The Norwegian group members comprised Kristine Halling (former Central Executive Member, AUF,) Henriksen, Pål represents who Spjelkavik (international leader AUF Sør-Trøndelag), Gunnar Kaus (member of the International Committee, the Youth Centre) , and Vegard Tjørhom (Oslo County Board Member, Youth Center). The group arrived on November 5 in Elaaiun coming from Marrakech with the purpose of conducting a four-day visit. They were trying to meet and talk to Saharawis in Elaaiun. Interacting with the Saharawi population was seen as an attempt to investigate the current situation. When the group, they noticed that the police officers at the checkpoint looked very angry and aggressive. After the initial introductory paperwork formalities, they ordered them in an angry voice to keep to Nagjir hotel and not to leave their rooms. The group was also ordered not to meet with any ‘Saharawi friends’. Thus, the group was confined to their rooms with no contact with the outside world afterwards.

The following day, the Moroccan authorities brought a taxi and ordered the group to get in with their luggage and to leave the Western Sahara towards Agadir which is located south Morocco. According to the group, there were 15 policemen waiting for them at the lobby along with the Pasha of Elaaiun and an English interpreter. The Moroccan authorities told the group members that they would be deported to Agadir and that they could go to any place in Morocco but not Western Sahara. They were basically banned from visiting or staying in Western Sahara. Police escorts of uniformed and plain-cloth police agents were following them to make sure they would leave the territory.

Meanwhile, Morocco is still plundering the natural resources of Western Sahara. The international community still keeps a closed eye on this terrible violation. International law is very clear on this issue as Hans Corell once stated when he was the legal advisor to the UN. Even the New York Bar association recently issued a wonderful legal report in this regard. All agreements and treaties with Morocco should not include the territory of Western Sahara, and all goods and resources such as fisheries and phosphate from Western Sahara should not be part of any agreement. This can not be done at the expense of the Saharawis and their own natural resources from which they do not benefit. Morocco earned more than $ 200 million from stolen Saharawi phosphate in a period of six months. This is with other millions of dollars from revenues from Western Sahara’s natural resources of fisheries, desert sand, salt, fruit and vegetables which go straight to the pockets of the king and his inner circle, his generals and some foreign accomplices worldwide.

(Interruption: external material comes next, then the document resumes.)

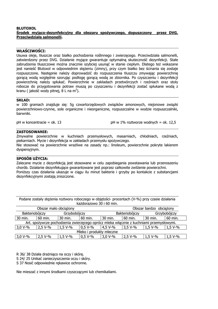 BLUTOXOL Środek myjąco-dezynfekcyjny dla obszaru spożywczego, dopuszczony Przeciwdziała salmonelli. przez DVG. WŁAŚCIWOŚCI: Usuwa oleje, tłuszcze oraz białko pochodzenia roślinnego i zwierzęcego. Przeciwdziała salmonelli, zatwierdzony przez DVG. Działanie myjące gwarantuje optymalną skuteczność dezynfekcji. Stałe zabrudzenia tłuszczowe można znacznie szybciej usunąć w stanie ciepłym. Dlatego też wskazane jest nanieść Blutoxol w odpowiednim stężeniu (zimny), przy czym białko bez ścinania się zostaje rozpuszczone. Następnie należy doprowadzić do rozpuszczenia tłuszczu zmywając powierzchnię gorącą wodą względnie szorując podłogę gorącą wodą ze zbiornika. Po czyszczeniu i dezynfekcji powierzchnię należy spłukać. Powierzchnie w zakładach przetwórczych i rzeźniach oraz stoły robocze do przygotowania potraw muszą po czyszczeniu i dezynfekcji zostać spłukane wodą z kranu ( jakość wody pitnej, 8 L na m2). SKŁAD: w 100 gramach znajduje się: 5g czwartorzędowych związków amonowych, niejonowe związki powierzchniowo-czynne, sole organiczne i nieorganiczne, rozpuszczalne w wodzie rozpuszczalniki, barwniki. pH w koncentracie = ok. 13 pH w 1% roztworze wodnych = ok. 12,5 ZASTOSOWANIE: Zmywalne powierzchnie w kuchniach przemysłowych, masarniach, chłodniach, rzeźniach, piekarniach. Mycie i dezynfekcja w zakładach przemysłu spożywczego. Nie stosować na powierzchnie wrażliwe na zasady np.: linoleum, powierzchnie pokryte lakierem dyspersyjnym. SPOSÓB UŻYCIA: Zalecane mycie z dezynfekcją jest stosowane w celu zapobiegania powstawania lub przenoszeniu chorób. Działanie dezynfekujące gwarantowane jest poprzez całkowite zwilżenie powierzchni. Poniższy czas działania ukazuje w ciągu ilu minut bakterie i grzyby po kontakcie z substancjami dezynfekcyjnymi zostają zniszczone. Podane zostały stężenia roztworu roboczego w objętości- procentach (V-%) przy czasie działania każdorazowo 30 i 60 min. Obszar mało obciążony Obszar bardzo obciążony Bakteriobójczy Grzybobójczy Bakteriobójczy Grzybobójczy 30 min. 60 min. 30 min. 60 min. 30 min. 60 min. 30 min. 60 min. Art. spożywcze pochodzenia zwierzęcego oprócz mleka włącznie z kuchniami przemysłowymi. 3,0 V-% 2,5 V-% 1,5 V-% 0,5 V-% 4,5 V-% 3,5 V-% 1,5 V-% 1,5 V-% Mleko i produkty mleczne 3,0 V-% 2,5 V-% 1,5 V-% 0,5 V-% 3,0 V-% 2,5 V-% 1,5 V-% 1,5 V-% R 36/ 38 Działa drażniąco na oczy i skórę. S 24/ 25 Unikać zanieczyszczenia oczu i skóry. S 37 Nosić odpowiednie rękawice ochronne. Nie mieszać z innymi środkami czyszczącymi lub chemikaliami.

Supporting and establishing the right of self-determination can be a first step towards recognizing the many other forgotten rights of the Western Saharan people who have long been forgotten by other civil societies and governments. As they have been abandoned by the international community for many decades, it high time that the UN and all people from around the world reacted and straightened the path towards freedom for Saharawis.

* Salah Mohamed, an underground Sahrawi activist in the Moroccan occupied territory of Western Sahara.